The Beautiful Simplicity of Hollow Knight (and How to Improve It Even Further)

TL;DR: Hollow Knight is mainly characterized by dual-purpose design and general minimalism. A particular feature is the use of fluid builds based on charms that can be (un)equipped rather than a skill tree. However, changing builds can be too much blind trial and error while geo (the game’s currency) becomes too abundant too early in the game. One solution to this could be having the player pay geo for (un)equipping charms.

Hollow Knight is the story of a nameless bug who explores the depths of a fallen kingdom, thereby slaying countless foes with his nail and uncovering the history of the mysterious place as well as his own fate. It is a Metroidvania type of game released in 2017 and—as far as I’m concerned—one of the best (if not the best) installations of this genre so far.

One factor that makes this game so great is that it builds a lot on the concept of dual-purpose design. Dual purpose design, as the name suggests, means that one game mechanic serves two different purposes, e.g., Super Mario’s jump, which is used for platforming as well as defeating enemies. If you want to learn more about this concept, Mark Brown made a video about it for his awesome channel Game Maker’s Toolkit, from which I draw a lot of my design inspiration.

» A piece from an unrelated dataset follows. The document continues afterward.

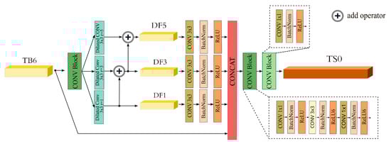 The architecture of the CFM module is shown in Figure 6. For the input feature, the channel is adjusted by convolution blocks, and then the receptive field is expanded by three expansion convolutions with ratios of 1, 3, and 5. For the chessboard effect caused by dilated convolution, we use Hierarchical Feature Fusion (HFF) [] structure to suppress it by hierarchical fusion. The expansion volume is then integrated into features , , and . The 3 × 3 convolution blocks are used to smooth the above features. The feature maps of three levels are stacked by tensor splicing for fusion, and two convolution blocks are used for feature concentration and channel adjustment to finally obtain the semantic fusion feature .

Apart from that, Hollow Knight also generally employs a rather minimalistic approach. There are only two weapons in the game and the primary weapon—the nail—can be upgraded a total of only four times. When you hit enemies with the nail, you take HP from them and at the same time gain soul (dual purpose!). Soul is used for both, healing and using one of the three spells you can collect during the game. This simple set-up has two particular effects that make Hollow Knight exciting: First, during fights, you have to decide between healing and attacking with the powerful spells. Second, when low on health (which is very limited) and out of soul, you are forced to risk approaching enemies and hitting them.

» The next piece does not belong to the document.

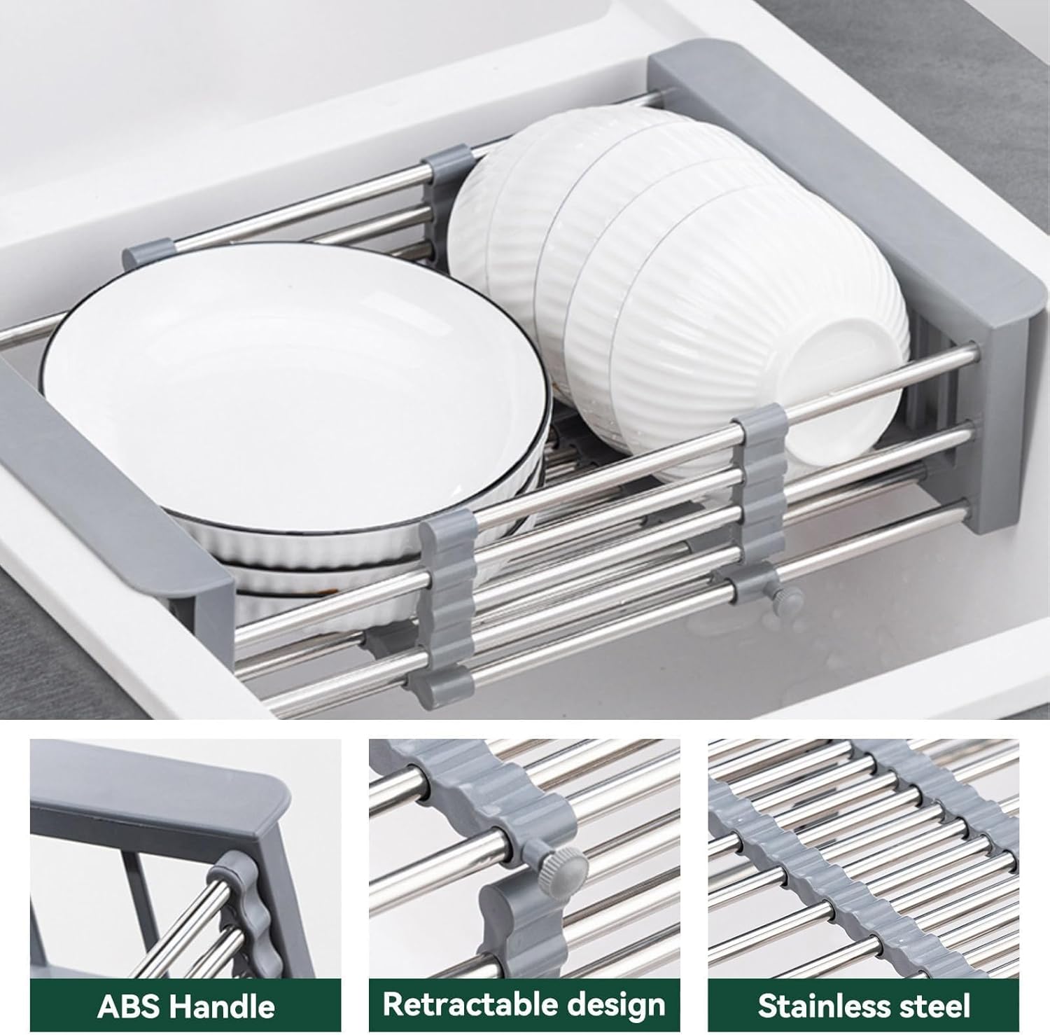 - Retractable Stainless Steel Sink Strainer Drain: Expandable dish drying rack, this over sink strainer adopts stainless steel material, which ensure strong load bearing capacity and long service life

The second resource in Hollow Knight besides soul is geo, which is the kingdom’s currency. Since there are no health and magic potions to be bought (because soul), geo is exclusively used for purchasing items that let you advance in the game or make you more powerful (such as mask shards, which upgrade your health Zelda-style). Therefore, geo is essentially experience.

Finally, one of the most distinguishing features of Hollow Knight is the lack of a skill tree. Instead, you buy charms. These give you certain powers and upgrades—such as an increased nail range or a shield—and can be equipped and unequipped every time you rest on a bench. The number of charms you can equip at the same time, however, is limited. Charms make your build fluid, so unlike in similar games (e.g., Salt and Sanctuary), you don’t have to decide for or against a certain build early in the game. This is one of the strengths of Hollow Knight because you can (and have to) use wildly different strategies for each boss. Yet, in my opinion, it is also one of the games few weaknesses since equipping and unequipping charms before boss fights is too much trial and error and too little “living with the consequences”. The last boss fight didn’t work out? Just throw in some other charms and try a face tank. Didn’t work either? Don’t worry, I got some more charms for you!

Hollow Knight
Charms … so many charms!

Now, how would it be possible to prevent this? Let’s have a look at two potential solutions. As for the first one, I think a relatively simple design change could do the trick. What if (un)equipping charms would cost geo (starting with the second time a charm has been equipped to still facilitate some playing around)? This would solve two problems at once. First, it would prevent the blind trial and error with different builds. Second, geo becomes too abundant too early in the game. At the very beginning, you still have to pay some attention to your balance, but later, you just buy all the upgrades you can find and still have plenty in your bank account. The second solution could be simply reducing the amount of charms, but make each charm more impactful, and making geo less abundant—that would be more like the Cuphead approach. Less charms, less trial and error. Pretty straightforward, isn’t it?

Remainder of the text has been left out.